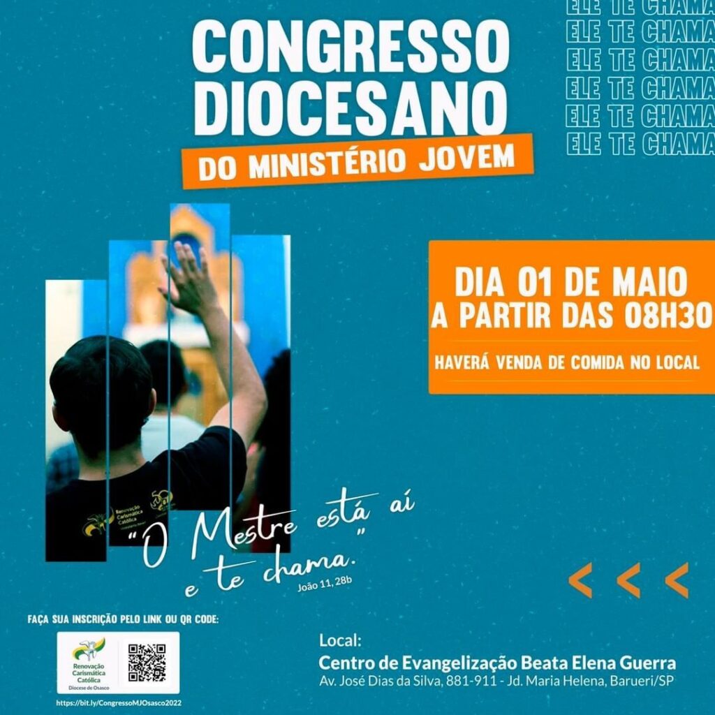 O Congresso Diocesano do Ministério Jovem da RCC Osasco vai acontecer no dia 1º de Maio, prometendo um dia cheio de bênçãos e fogo do Espírito Santo sobre a nossa juventude.
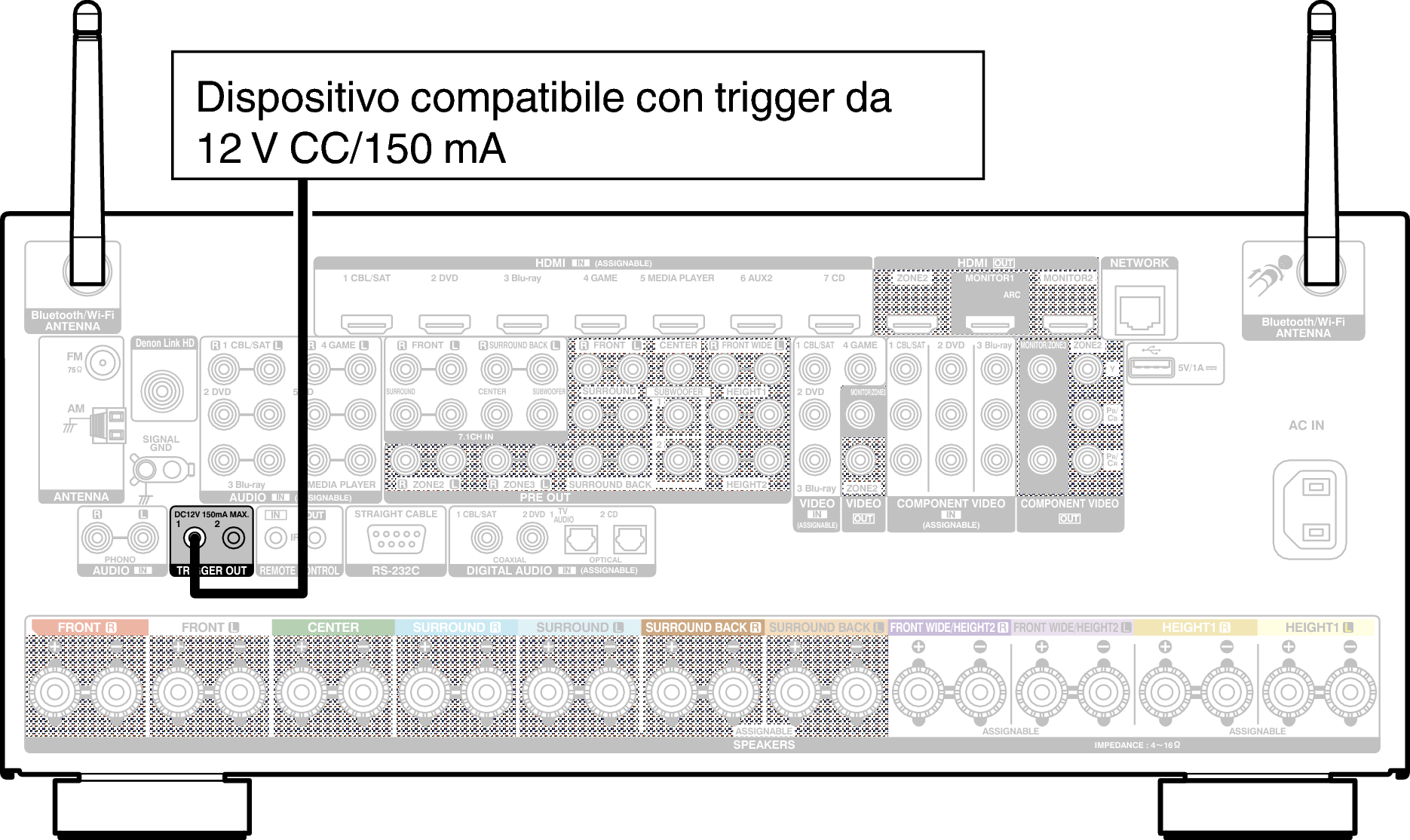 La presa TRIGGER OUT emette un segnale elettrico di massimo 12 V CC/150 mA.
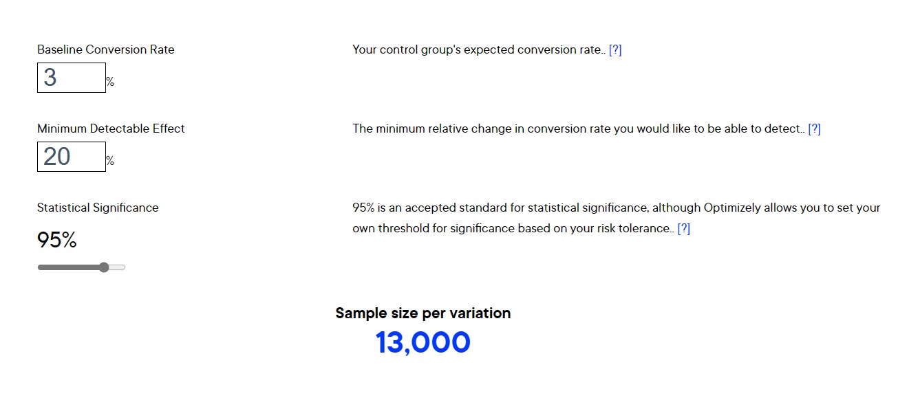 You can plug these numbers in a sample size calculator, such as this one from Optimizely. It’ll automatically generate a recommended sample size for testing every possible variation.
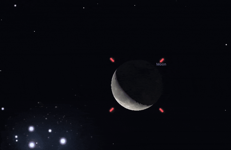 The passage of the 24% illuminated waning crescent Moon through Messier 45 is centered on 11:02 Universal Time (UT)/7:02 AM EDT. The transit occurs in the predawn hours for northern Mexico, the central and western United States, along with western Canada and Alaska. A strip from the central U.S. East Coast running to the northwest through the Great Lakes region sees the event transition through the brightening dawn sky into sunrise. Only the U.S. northeast and the Canadian Maritimes sit this one out. The pair is 58 degrees west of the rising Sun during the event.
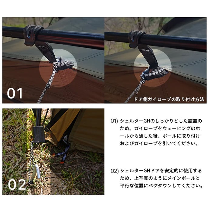 メイン素材にT/C素材を採用し結露を最小限に、構造は利便性の高いSHELTER Gの特性を生かしています。またオプションであるメッシュドアとTPUドアは、簡単に脱着できる為、 使用者の用途と環境に合わせて自由な応用が効きます。
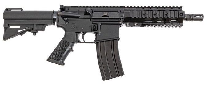 Features – Barrel: 7.5 Chambered in 300AAC Blackout with a 1:8 twist rate M4 barrel extension and a pistol length gas system. This phosphate barrel is finished off with a DPMS Quad Rail free-float rail .750 diameter low profile gas block and an A2 flash hider. -Upper: Forged 7075-T6 A3 AR upper is made to MIL-SPECS and hard coat anodized black for durability. These uppers are made for us right here in the USA by a mil-spec manufacturer. – Bolt: Bolt is made of Mil-spec shot-peened Carpenter 158 steel. Gas key is secured with grade 8 fasteners and staked per mil-spec. Bolt carrier is parkerized outside and chrome lined inside. – Lower: These forged lowers are quality made using 7075-T6 aluminum and are marked MULTI for caliber. Finish is hard coat anodize. Finished with an A2 pistol grip DPMS adjustable CAR brace and 6 position 7075 buffer tube. The fire control group is a mil-spec single-stage assembly. – Details – Barrel Length: 7.5 – Barrel Profile: Heavy – Barrel Steel: Chrome Moly Vanadium – Barrel Finish: Phosphate – Chrome Lining: No – Muzzle Thread Pattern: 5/8 x 24 – Twist Rate: 1 in 8 – Barrel Extension: M4 – Gas System Length: Carbine – Diameter at Gas Block: .750 – Gas Block Type: Low-Profile Gas Block – Muzzle Device: A2 -style – Receiver Material: Forged 7075-T6 – Receiver Type: M4 – Handguard Type: DPMS 6.5 Quad Rail – Bolt Material: Carpenter 158 Steel – Bolt Carrier Profile: Full Auto – Fire Control Group: Mil-Spec FCG – Grip: DPMS A2 Grip Black – Buffer Tube: 7075 T6 Aluminum – Adjustment: 6 Position – Pistol Brace: DPMS Adjustable CAR Brace – Magazine: 1 (One) 30 Round DPMS Aluminim Magazine
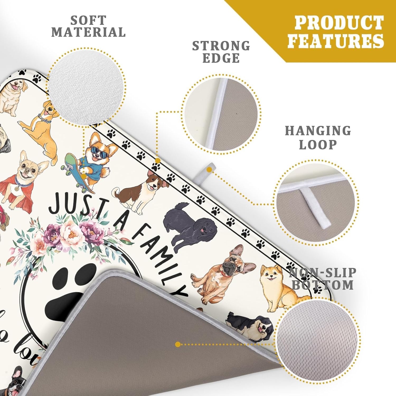 Dog Family Dish Drying Mat Cartoon Pet 18 X 24 in Absorbent Printed Drying Pad for Dog Lover

- WHAT TO WORK ON -
All of the entries must be reproduced exactly, with no pictures kept.

- RESPONSE BOX -
 O Congresso Diocesano do Ministério Jovem da RCC Osasco vai acontecer no dia 1º de Maio, prometendo um dia cheio de bênçãos e fogo do Espírito Santo sobre a nossa juventude.
 La presa TRIGGER OUT emette un segnale elettrico di massimo 12 V CC/150 mA.
 You can plug these numbers in a sample size calculator, such as this one from Optimizely. It’ll automatically generate a recommended sample size for testing every possible variation.
 The passage of the 24% illuminated waning crescent Moon through Messier 45 is centered on 11:02 Universal Time (UT)/7:02 AM EDT. The transit occurs in the predawn hours for northern Mexico, the central and western United States, along with western Canada and Alaska. A strip from the central U.S. East Coast running to the northwest through the Great Lakes region sees the event transition through the brightening dawn sky into sunrise. Only the U.S. northeast and the Canadian Maritimes sit this one out. The pair is 58 degrees west of the rising Sun during the event.
 メイン素材にT/C素材を採用し結露を最小限に、構造は利便性の高いSHELTER Gの特性を生かしています。またオプションであるメッシュドアとTPUドアは、簡単に脱着できる為、 使用者の用途と環境に合わせて自由な応用が効きます。
 Features – Barrel: 7.5 Chambered in 300AAC Blackout with a 1:8 twist rate M4 barrel extension and a pistol length gas system. This phosphate barrel is finished off with a DPMS Quad Rail free-float rail .750 diameter low profile gas block and an A2 flash hider. -Upper: Forged 7075-T6 A3 AR upper is made to MIL-SPECS and hard coat anodized black for durability. These uppers are made for us right here in the USA by a mil-spec manufacturer. – Bolt: Bolt is made of Mil-spec shot-peened Carpenter 158 steel. Gas key is secured with grade 8 fasteners and staked per mil-spec. Bolt carrier is parkerized outside and chrome lined inside. – Lower: These forged lowers are quality made using 7075-T6 aluminum and are marked MULTI for caliber. Finish is hard coat anodize. Finished with an A2 pistol grip DPMS adjustable CAR brace and 6 position 7075 buffer tube. The fire control group is a mil-spec single-stage assembly. – Details – Barrel Length: 7.5 – Barrel Profile: Heavy – Barrel Steel: Chrome Moly Vanadium – Barrel Finish: Phosphate – Chrome Lining: No – Muzzle Thread Pattern: 5/8 x 24 – Twist Rate: 1 in 8 – Barrel Extension: M4 – Gas System Length: Carbine – Diameter at Gas Block: .750 – Gas Block Type: Low-Profile Gas Block – Muzzle Device: A2 -style – Receiver Material: Forged 7075-T6 – Receiver Type: M4 – Handguard Type: DPMS 6.5 Quad Rail – Bolt Material: Carpenter 158 Steel – Bolt Carrier Profile: Full Auto – Fire Control Group: Mil-Spec FCG – Grip: DPMS A2 Grip Black – Buffer Tube: 7075 T6 Aluminum – Adjustment: 6 Position – Pistol Brace: DPMS Adjustable CAR Brace – Magazine: 1 (One) 30 Round DPMS Aluminim Magazine
 Dog Family Dish Drying Mat Cartoon Pet 18 X 24 in Absorbent Printed Drying Pad for Dog Lover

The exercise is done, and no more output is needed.